Broker tips: ITV, Randgold Resources, Fresnillo, UK banks

Nothing had changed with respect to ITV's fundamentals following Brexit despite the approximately 20% share price drop on 24 July, analysts at Liberum said, as they stood by their 'buy' recommendation and 375p target on the stock and singled it out as a 'top-pick'.
That was true even assuming a decline in advertising revenues of post-Lehman proportions, analysts Ian Whittaker, Ciaran Donnelly ad Annick Maas said in a research note sent to clients and dated 27 June.

The shares were offering a "very attractive" dividend yield to boot, the analysts said.

Furthermore, the 10.5% drop in the value of sterling against the US dollar - combined with the fall in the price of the company's stock - meant increased chances a bid from one of the major US media companies might soon surface.



Precious metals miners Randgold Resources and Fresnillo were among the few gainers in equity markets on Monday again as gold prices hit a two-year high, supported by upgrades from Goldman Sachs.

Goldman said in a note that it has lifted its gold price forecast for the second half of this year by 10% to $1,300 an ounce and for 2017/18 by 20% to $1,250 an ounce.

The bank's commodities team argued that with the UK leaving the EU, there could be a 2% cut to the UK's GDP and a 50 basis points cut to EU-area growth.

"Lower growth would likely see US rate expectations decline and gold outperform.

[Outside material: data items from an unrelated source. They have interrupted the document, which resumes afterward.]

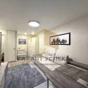 Квартира с ремонтом хорошей планировки, просторная комната площадью 18.6 м2 с нишей, которую можно зонировать, кухня - 5.9 м2, совмещенный санузел облицован современной плиткой, стены оклеены обоями, потолки окрашены, на полу - ламинат, в комнате крашеная доска.
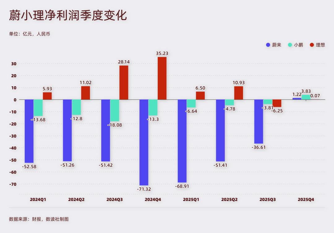 与之相比,理想在2025Q3亏损6.3亿元,Q4勉强回到盈亏平衡,净利润仅0.07亿元,全年盈利仅靠上半年支撑。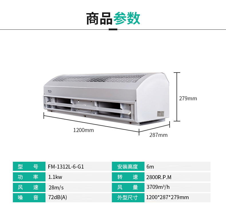 绿岛风 工业型离心式风幕机,FM-1515L-8-G1,380V,1.5米,安装高度8米。不含安装 |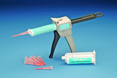 Sylgard 184硅橡膠(Kwik-Gard™Start Up kit)特別適合科學研究應用。可以省去混合兩種膠帶來的麻煩和時間的浪費。當推進注射器時自動在尖部混合,無任何氣泡,直接用于位點。更換尖端就可以重復使用,有效避免了浪費。每針筒含有37ml的硅膠樹脂和固化劑,針筒頭(tip)的體積0.75ml。針筒內的硅橡膠是Sylgard 184,液體組分組成的雙組分產(chǎn)品,包括硅膠組分與固化劑。硅膠組分與固化劑按10:1重量比完全混合,形成中等粘度混合液,混合液將固化成為具有韌性的透明彈性體,硅橡膠在25℃的溫度固化需要24h,無放熱現(xiàn)象,無需二次固化。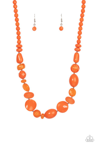 Dewy Disposition - Orange - Cat's Eye Stone and Bead Paparazzi Tiered Short Necklace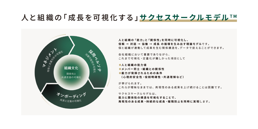 サクセスサークルモデルは、 能力と関係性の構造を可視化することで、再現性のある成果・持続的な成長・離職防止を同時に実現します。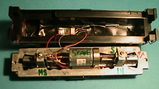 Before we start here are two pictures of the S-12 before started the conversion. The picture after conversion looks exactly the same as we made NO exterior modifications to the shell or locomotive. This first picture shows the S-12 just out of the box. The following picture shows the locomotive with the shell removed -- i.e. the mechanism. The S-12 does not have an NMRA DCC socket built in from the manufacturer, but it is a very easy locomotive in which to install a decoder because the mechanism is so open. Basically the steps to install a decoder in this locomotive are:

Further, they argue that the uncertainty created by the vote, and the potential threat of contagion, will make commodities (including gold) trade away from their fundamentals. As a risk asset gold is likely to be supported by this."



Banks in London took another beating on Monday as investors mulled over the implications of the UK's decision to leave the European Union, with ratings downgrades across the board.

Societe Generale was among those issuing downgrades. It cut its stance on Royal Bank of Scotland to 'sell' from 'hold' and chopped the price target to 200p from 260p saying its lower level of profitability gives it less scope to absorb bumps in the road.

It kept its 'buy' recommendations on Lloyds, Barclays and HSBC, but slashed the price targets. It kept its 'hold' recommendation and 575p price target on Standard Chartered as its focus on Asia, Africa and the Middle East means it's more insulated from the Brexit fallout.